**What you have to do:**
Extract the lines from the first one in the records below through the line containing "To authenticate with", keeping both ends and leaving out any pictures.

Record excerpts START

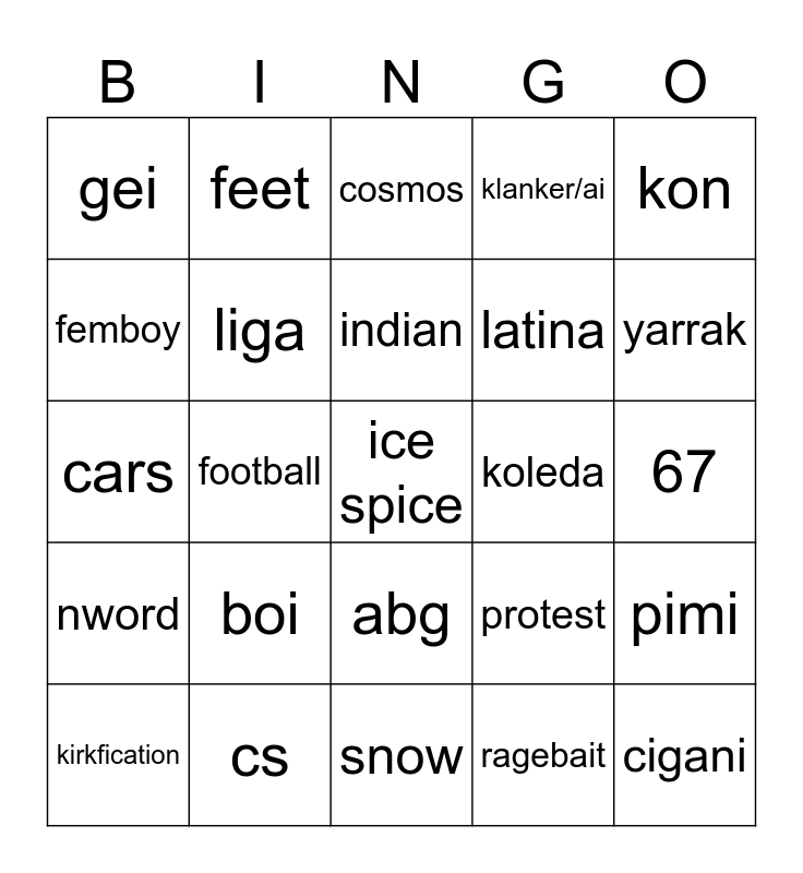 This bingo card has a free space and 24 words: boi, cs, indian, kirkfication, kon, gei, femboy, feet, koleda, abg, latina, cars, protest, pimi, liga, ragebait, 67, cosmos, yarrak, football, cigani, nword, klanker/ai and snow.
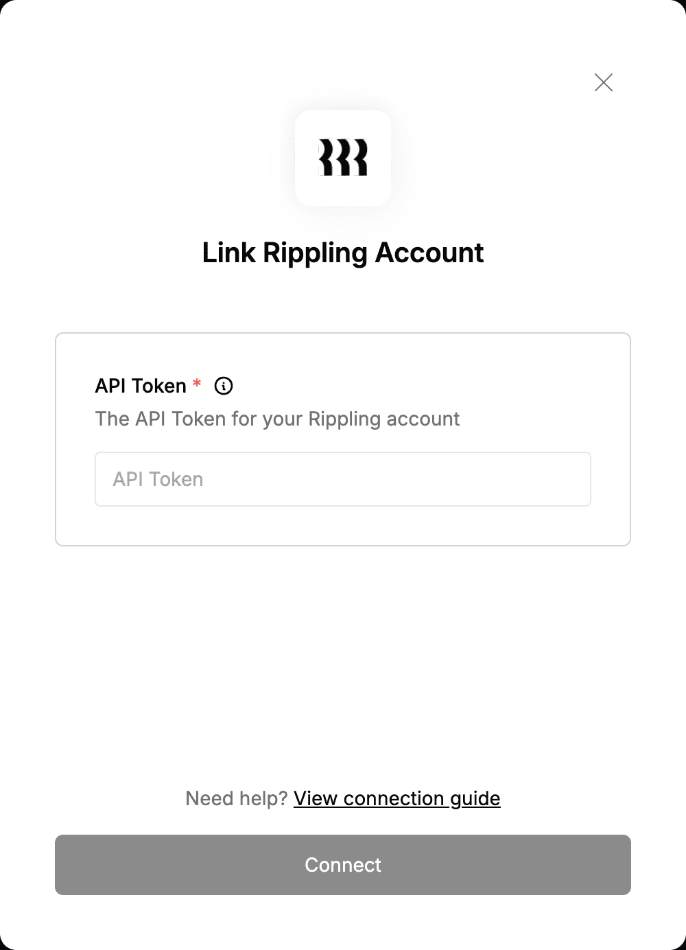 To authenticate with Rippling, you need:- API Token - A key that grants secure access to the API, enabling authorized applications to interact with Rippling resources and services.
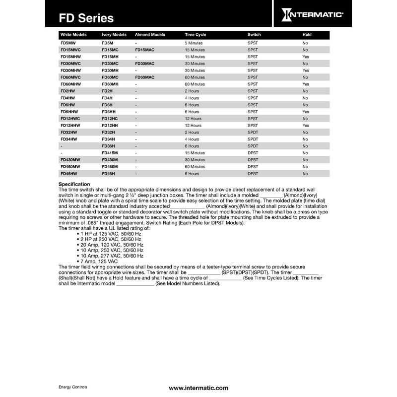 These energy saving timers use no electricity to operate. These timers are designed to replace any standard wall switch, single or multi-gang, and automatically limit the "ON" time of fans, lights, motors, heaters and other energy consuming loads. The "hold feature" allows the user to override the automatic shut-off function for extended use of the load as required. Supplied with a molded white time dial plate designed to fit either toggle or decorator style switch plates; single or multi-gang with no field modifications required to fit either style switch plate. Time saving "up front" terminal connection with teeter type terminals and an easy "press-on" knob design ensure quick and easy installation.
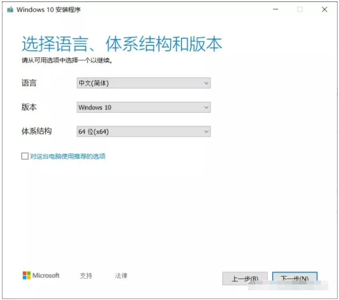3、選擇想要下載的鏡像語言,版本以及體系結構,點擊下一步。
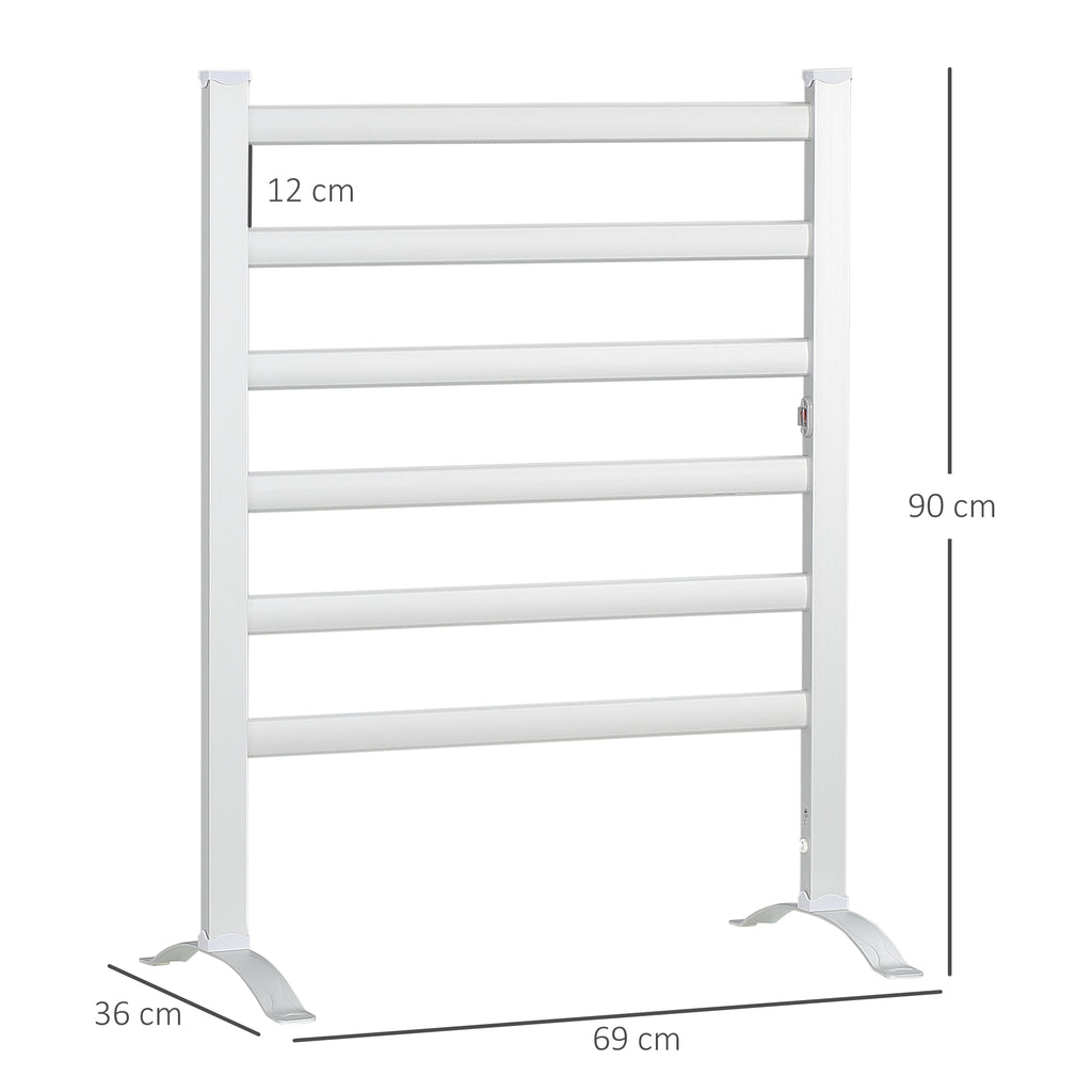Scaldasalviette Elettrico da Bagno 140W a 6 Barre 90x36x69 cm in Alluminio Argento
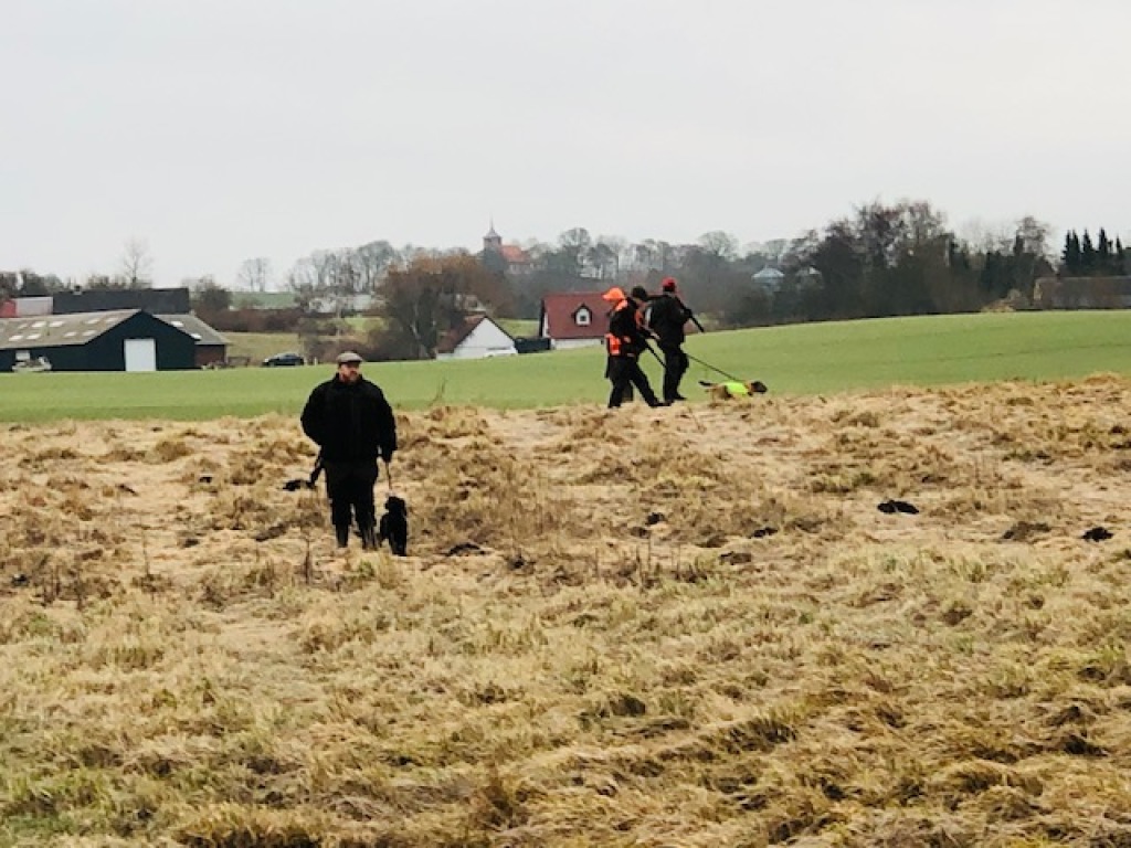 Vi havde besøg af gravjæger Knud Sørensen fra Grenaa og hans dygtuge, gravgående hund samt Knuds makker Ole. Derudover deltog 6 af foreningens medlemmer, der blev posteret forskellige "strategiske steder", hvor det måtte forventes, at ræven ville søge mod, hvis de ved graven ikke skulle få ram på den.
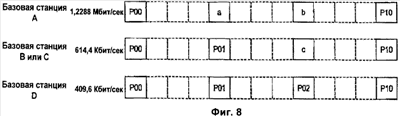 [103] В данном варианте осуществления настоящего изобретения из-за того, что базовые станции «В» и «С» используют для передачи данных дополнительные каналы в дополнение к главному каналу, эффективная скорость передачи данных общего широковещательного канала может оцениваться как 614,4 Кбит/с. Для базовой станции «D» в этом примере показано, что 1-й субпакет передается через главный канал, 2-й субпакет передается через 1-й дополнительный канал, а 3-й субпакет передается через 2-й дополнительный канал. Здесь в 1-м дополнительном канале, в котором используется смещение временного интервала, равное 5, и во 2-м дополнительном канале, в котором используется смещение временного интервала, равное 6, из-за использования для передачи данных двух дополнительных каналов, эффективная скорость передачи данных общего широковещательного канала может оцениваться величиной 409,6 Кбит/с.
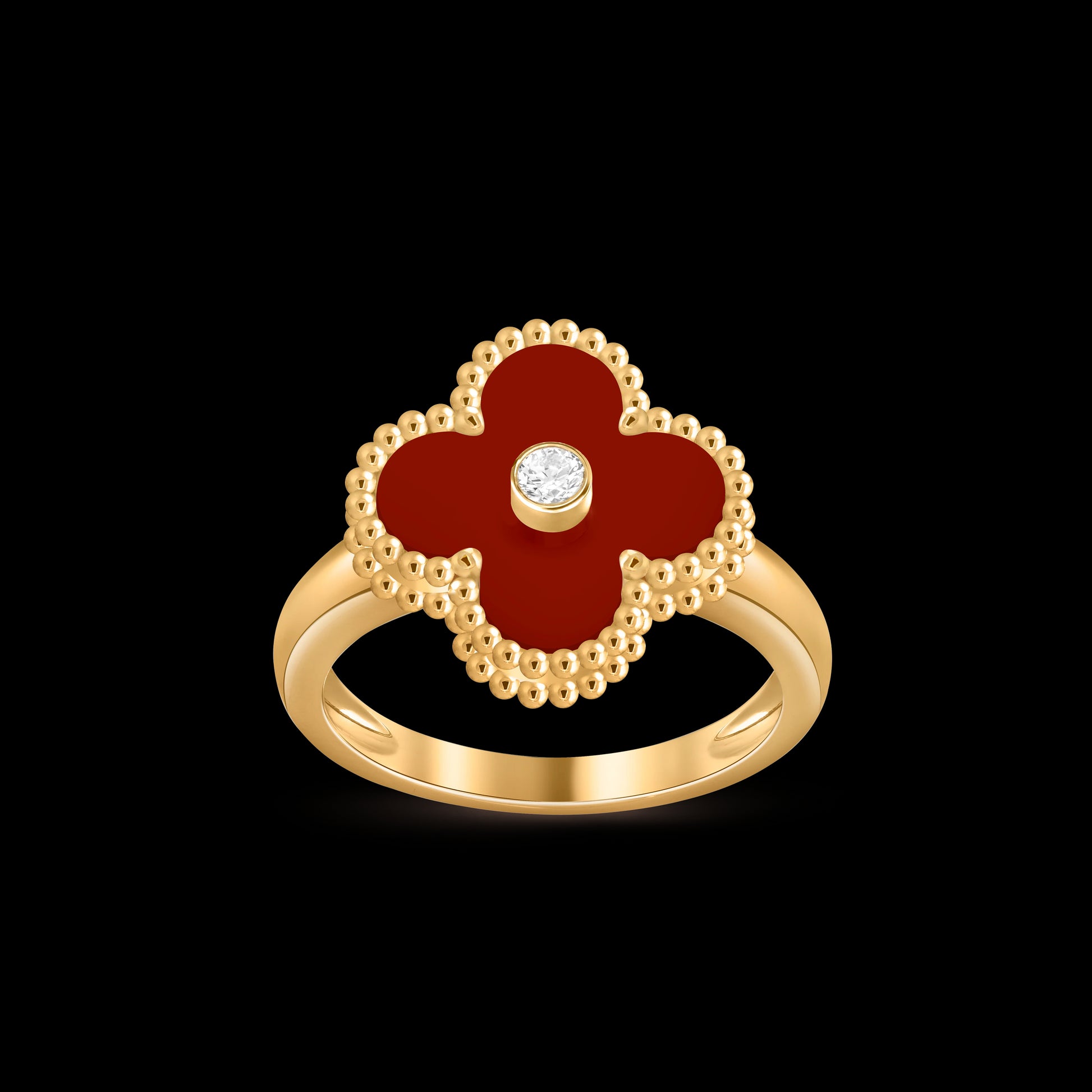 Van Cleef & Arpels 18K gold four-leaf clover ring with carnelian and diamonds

Record excerpts END

**Exercise result:**
 This bingo card has a free space and 24 words: boi, cs, indian, kirkfication, kon, gei, femboy, feet, koleda, abg, latina, cars, protest, pimi, liga, ragebait, 67, cosmos, yarrak, football, cigani, nword, klanker/ai and snow.
 To authenticate with Rippling, you need:- API Token - A key that grants secure access to the API, enabling authorized applications to interact with Rippling resources and services.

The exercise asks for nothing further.